# Seether



## Alkopopsteuer (16. Januar 2010)

Hallou.
Da Over NINE THOUSAND!!!111 Bands nen thread haben muss Seether auch einen bekommen!
Gibts hier noch Leute, die Seether mögen.
Mein Lieblingsalbum is immoment Seether Karma and Effect. Das Cover is eifnach genial wie ich finde =).
Gibts hiern och Leute die Seether mögen?
Oke, ich glaube zwar net das viele Seether kennen, deswegen hier mal was für die Ohren:
http://www.youtube.com/watch?v=oHmA_yNIFSs


----------



## Thoor (16. Januar 2010)

Alkopopsteuer schrieb:


> Hallou.
> Da Over NINE THOUSAND!!!111 Bands nen thread haben muss Seether auch einen bekommen!
> Gibts hier noch Leute, die Seether mögen.
> Mein Lieblingsalbum is immoment Seether Karma and Effect. Das Cover is eifnach genial wie ich finde =).
> ...



Hmm gefällt mir richtig gut 

Ich hab ne neue 8. liebste Band 


			Dieser Inhalt steht nur eingeloggten Mitgliedern zur Verfügung.


----------



## Thoor (19. Januar 2010)

Godsmack gefällt mir auch ziemlich, kennste evtl :>

http://www.youtube.com/watch?v=OYjZK_6i37M


----------



## DER Lachmann (19. Januar 2010)

godsmack <3
aber mag unser lieber alko nicht xD hatte es vor 2 monaten schonmal versucht ihn zu bekehren^^


----------



## Alkopopsteuer (20. Januar 2010)

Khorhiil schrieb:


> Seether, Hammer!
> Eine meiner Lieblingsbands, auch wenn nicht mehr so oft gehört.

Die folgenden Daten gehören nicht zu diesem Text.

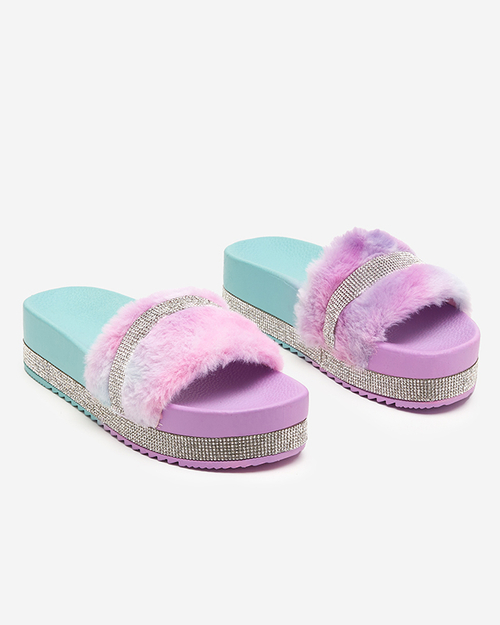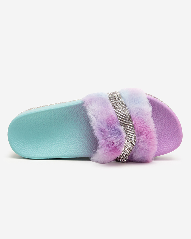 Fialovo-mintové dámské pantofle s kožíškem a kubickými zirkony Zerika - Obuv
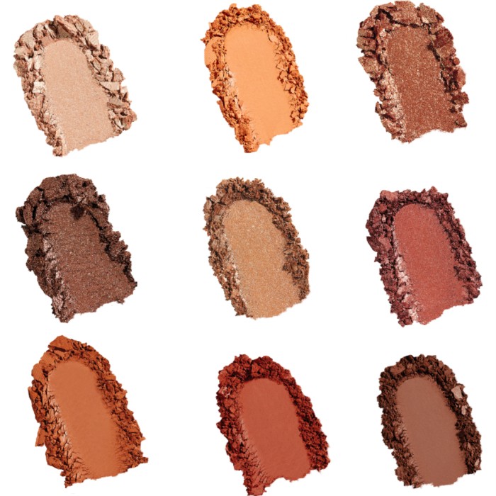 Fiery Palette innehåller: Breezy (Intensiv kokosnöt, metallic), Apricot (Dov honung, matt), Campfire (Varm sandsten, metallic), Truffle (Fyllig kanel, metallic), Sunsprite (Ljus ringblomma, skimmer ), Scorched (Rik scharlakansröd, metallic), Paradise (Rusty Sedona, matt), Summer Song (Bränd orange, matt) samt Roasted (Pecannötbrun, matt).
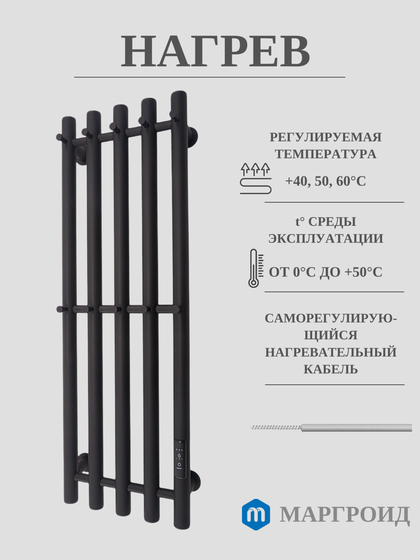 Полотенцесушитель электрический Черный матовый Маргроид Вид Inaro-5 80x24. Кабель с вилкой 90 см. информация:
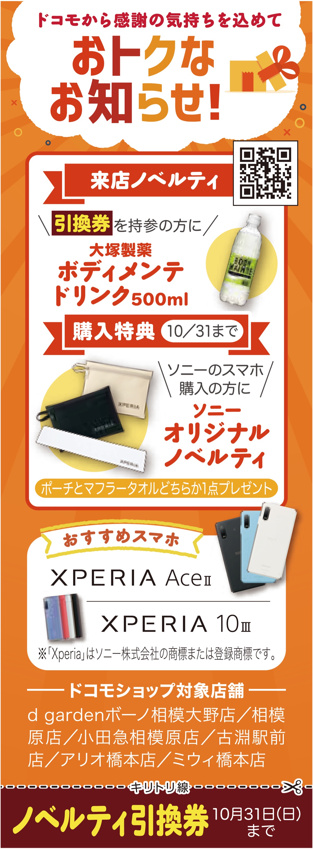 NTTドコモでは、長年利用しているシニアユーザーへ日ごろの感謝を込めて10月31日(日)までソニーの新作機種の購入で素敵なポーチかマフラータオルのどちらか1点をプレゼント中。シンプルな機能に劣化しにくいバッテリーを搭載したエクスペリアAceIIと、写真や音楽がたっぷり楽しめる10IIIの今、おすすめの2機種が対象。また期間中は来店すると乳酸菌で体調管理をサポートするボディメンテドリンク(500ml1本)もプレゼント。
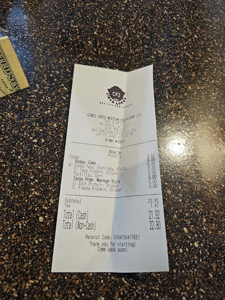 This place is pretty much $20 a meal/person for carryout. I got the grande burrito and there was nothing really grande about it. Especially for almost $20 with tax and card charge which I wasn't informed of. Had 2 square slices of yellow/white cheese melted on top of it which was kinda weird. I'd give this place a 2.7 out of 5 stars considering flavor and price. I get inflation and everything but I feel kinda bamboozled paying $20 for what I got. Especially since Mara's is right across the street and is considerably cheaper and more flavorful.
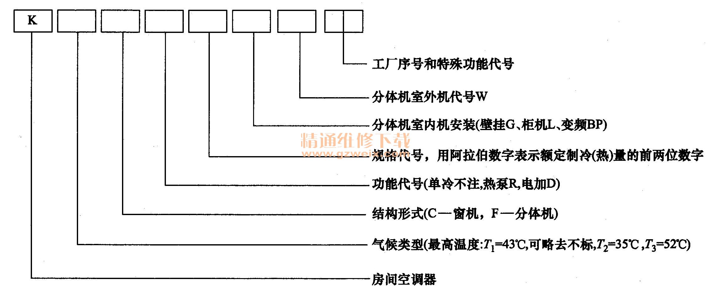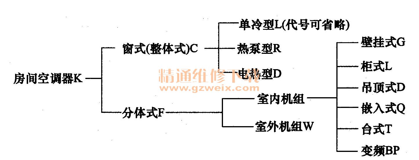 空調(diào)器型號命名方法如下:

Karma and Effect lass ich erstmal liegen...
Habs mir zu oft in den letzten Tagen angehört.
Wenn Finding Beauty komtm werd ich erstmal des satthören, bevor ich wieder zu karma komm 


			Dieser Inhalt steht nur eingeloggten Mitgliedern zur Verfügung.
        

.


----------



## Thoor (20. Januar 2010)

Ich mag "Gasoline" :<


----------



## Alkopopsteuer (22. Januar 2010)

Mist.
Ich kann mich net entscheiden ob Karma and Effect oder Finding Beauty besser ist.
Beides so epic win 


			Dieser Inhalt steht nur eingeloggten Mitgliedern zur Verfügung.
        

.


----------